Guida all'allattamento artificiale: le cose da sapere

guida all'allattamento artificiale

L’Organizzazione Mondiale della Sanità consiglia di allattare al seno in maniera esclusiva fino al compimento del sesto mese di vita del neonato e proseguire anche dopo lo svezzamento fino al secondo anno.  Anche il Ministero della Salute spiega nel dettaglio perché sia più indicato scegliere l’allattamento materno rispetto a quello artificiale. Per questo sono noti i tanti vantaggi dell’allattamento al seno.

Nonostante questo ci sono tante mamme che dal latte materno passano al latte artificiale. I motivi sono diversi e vari, così come sono differenti i periodi in cui ci si affida all’allattamento artificiale.

Possono capitare situazioni in cui per la mamma non è più possibile allattare. Che sia scelta o necessità è una decisione che prende la madre e  per questo motivo va sempre rispettata.

In questo articolo potrai leggere tante informazioni su questo argomento, con consigli utili se sei una mamma alle prime armi o se sei ancora in gravidanza e hai bisogno di conoscere fin da ora le due diverse opzioni di allattamento.

Come passare all'allattamento artificiale

Per procedere al passaggio dal seno al biberon è molto importante informarsi bene su come agire.
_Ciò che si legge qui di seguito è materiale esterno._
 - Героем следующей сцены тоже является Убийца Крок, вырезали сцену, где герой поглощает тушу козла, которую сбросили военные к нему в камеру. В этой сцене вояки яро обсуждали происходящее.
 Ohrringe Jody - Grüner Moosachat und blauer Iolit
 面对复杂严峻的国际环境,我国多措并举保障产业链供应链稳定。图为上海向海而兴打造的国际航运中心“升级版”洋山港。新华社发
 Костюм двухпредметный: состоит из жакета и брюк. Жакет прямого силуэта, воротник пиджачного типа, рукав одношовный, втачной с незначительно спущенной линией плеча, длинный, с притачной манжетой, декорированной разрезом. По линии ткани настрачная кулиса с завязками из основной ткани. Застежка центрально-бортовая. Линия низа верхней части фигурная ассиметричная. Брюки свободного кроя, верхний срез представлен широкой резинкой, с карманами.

È abbastanza inutile acquistare prodotti che non si conoscono quando ancora il bambino non è nato, ma ci si può documentare sulle differenti opzioni presenti sul mercato. In questo modo quando dovrà avvenire il passaggio all’allattamento artificiale sarai una mamma più consapevole e più sicura delle tue scelte.

Cosa serve per l'allattamento artificiale

Una cosa, però, è certa. Ci sono due prodotti indispensabili per iniziare a nutrire il bambino con il latte formulato. Il prodotto per eccellenza è il biberon. Non sceglierne solo uno, ma acquistane diversi per sostituirli durante la giornata e non sterilizzarli ogni momento. Adatta al biberon scelto la tettarella, il secondo elemento utile per l’allattamento artificiale. La tettarella deve essere adatta all’età del bambino. Se già svezzato e più grande non potrà avere dei fori per la fuoriuscita del latte quanto quelli di un biberon con tettarella di 0m+. La tettarella, infatti, non deve né ostruire e impedire il nutrimento nei giusti tempi né essere troppo veloce per evitare ingorghi e tossi improvvise.
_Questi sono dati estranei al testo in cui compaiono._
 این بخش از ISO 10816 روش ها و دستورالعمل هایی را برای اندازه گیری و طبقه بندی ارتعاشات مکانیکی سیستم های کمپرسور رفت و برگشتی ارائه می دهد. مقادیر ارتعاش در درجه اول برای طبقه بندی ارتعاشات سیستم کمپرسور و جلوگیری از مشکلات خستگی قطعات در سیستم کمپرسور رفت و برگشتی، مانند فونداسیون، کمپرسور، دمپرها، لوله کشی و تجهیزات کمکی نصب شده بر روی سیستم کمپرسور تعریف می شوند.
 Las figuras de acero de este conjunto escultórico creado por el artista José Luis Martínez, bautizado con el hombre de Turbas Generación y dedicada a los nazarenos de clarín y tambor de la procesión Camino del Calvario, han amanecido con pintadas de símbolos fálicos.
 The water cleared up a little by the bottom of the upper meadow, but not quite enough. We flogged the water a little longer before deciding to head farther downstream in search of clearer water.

Allattamento artificiale: quale latte e acqua usare

Per scegliere la tipologia migliore di latte da dare al tuo bambino devi seguire i consigli del tuo pediatra. Lui conosce il neonato, lo visita ogni mese e sa quali disturbi ha avuto fin dalla nascita. Seguire le sue indicazioni è la scelta migliore per procedere con un allattamento artificiale adatto a tuo figlio. Fare da sola significherebbe scegliere tra un’infinità di marche e formule, dato che in commercio sono presenti diverse tipologie di latte formulato, studiate in base ai disturbi tipici dei bambini.  

Una volta scelta marca e tipologia, anche per le dosi dovete ascoltare il parere del pediatra. Il dosaggio consigliato tra latte artificiale e acqua ha delle regole precise. Sono presenti anche nelle indicazioni generiche del prodotto, ma il pediatra può valutare di modificare queste indicazioni in base al bambino.  Il medico vi dirà anche di fare attenzione all’acqua: deve essere scelta con cura, non deve contenere batteri e deve avere un basso contenuto di calcio e sodio.

Allattamento artificiale: pro e contro

Uno dei vantaggi più grandi di allattare artificialmente è che la mamma può essere sostituita durante le poppate della giornata. Il papà del bambino può imparare a dare da mangiare a suo figlio e condividere con lui un momento emozionante; la mamma può utilizzare quel tempo per riposarsi o fare altre cose utili per la famiglia o per se stessa. Tra gli svantaggi dell’allattamento artificiale, invece, uno tra tutti è anche quello più comune. Il latte artificiale non potrà mai sostituire quello materno, ricco di principi attivi e nutrienti naturali e protettivi per la salute del suo bambino. 

3 comments

  1. Cristina Corti 1 marzo, 2017 at 16:08 Rispondi

    In realtà l’organizzazione mondiale della sanità non consiglia di allattare “almeno” sei mesi. Consiglia di allattare in maniera esclusiva sei mesi, ma almeno 24 mesi nel complesso 😊

    • Sono una mamma 1 marzo, 2017 at 17:06 Rispondi

      Esatto Cristina, infatti il testo dice:

      “L’Organizzazione Mondiale della Sanità consiglia di allattare al seno in maniera esclusiva fino al compimento del sesto mese di vita del neonato e proseguire anche dopo lo svezzamento fino al secondo anno.”